According to Table 4, the active vibration control is the most effective wheel squeal noise suppression method. The dithering of wheels can decrease SPL to 37 dB only in some frequency bands, but, in most bands, it is either ineffective or inductive of higher SPLs, especially in high-frequency bands. Rail dithering is beneficial in low frequencies, but it is almost ineffective in frequency bands higher than 700 Hz. Also, shunted piezoelectric patches can decrease SPL only within a limited frequency range. Active vibration control, however, causes maximum SPL reduction (65 dB), and it has proved to be effective in a wide range of frequencies. In general, it can be claimed that no previous method is adaptive enough, but the fuzzy self-tuning PID controller can be adjusted to a system according to the change in its properties.
5. Conclusion
A novel method of mitigating wheel squeal noise was developed in this study. A validated comprehensive model was also used to investigate the performance of the proposed method. The main idea was the active vibration control of squealing wheels, as the source of noise, by piezoelectric sensors and actuators attached to them. According to previous studies, squeal noise is made in the axial modes of wheels with the maximum deformation of the wheel threads. This is why piezoelectric actuators were attached to the threads.

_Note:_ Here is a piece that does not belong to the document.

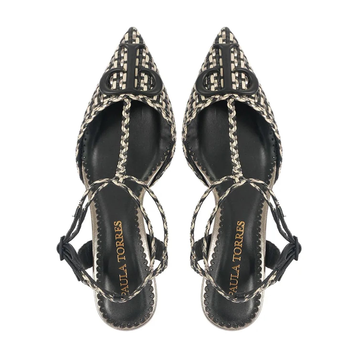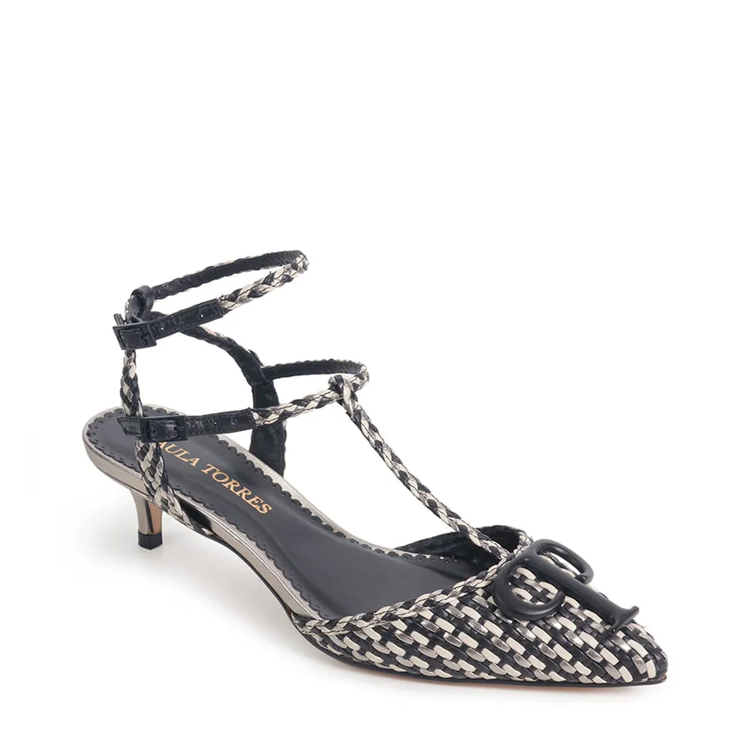 O Scarpin Paula Tresse Preto é um calçado feminino elegante e sofisticado. Confeccionado em napa. Com seu bico fino e salto baixo fino, o scarpin oferece conforto e elegância. O modelo é trabalhado em tressê nas cores preto, baunilha e prata velho, destacando o monograma preto na lateral do calçado. As duas fivelas laterais permitem um ajuste perfeito aos pés, proporcionando um calce firme e seguro.

In addition, a fuzzy self-tuning PID controller was designed to overcome the complexity and environment dependency of the wheel squeal phenomenon. The values of ultimate period tu and ultimate gain ku, as the key parameters of the controller, were calculated to achieve the maximum sound pressure level (SPL) reduction. The sound pressure level, time history, and FRF of the lateral velocity of wheels were used to evaluate the active vibration control. It was also constantly monitored to ensure that the system would operate within the piezoelectric saturation threshold. It was found that the proposed method could completely suppress the noise in frequencies higher than 300 Hz. According to the wheel modal data, there was no wheel thread deformation on the shape of the modes in natural frequencies lower than 300 Hz. Therefore, the attached piezoelectric actuators had no effect on them. Since a frequency lower than 300 Hz is beyond human auditory sensitivity, the noise was categorized as rolling noise. According to the results, the total noise level reduced up to 12 dB in the near field and up to 15 dB in the far field. In another experiment, the performance of the proposed method was investigated for two worn wheels. Generally speaking, the wear of a wheel during operation is unavoidable, which causes a change in wheel modal data. Nevertheless, the experiment proved the good adjustment of the fuzzy self-tuning PID controller to changing conditions. Moreover, in all the frequencies, SPL reduction was achieved for the worn wheels and a new wheel.
Data Availability
The numerical data used in this research are available upon a request to the corresponding author.
Conflicts of Interest
The authors declare that there are no conflicts of interest regarding this research.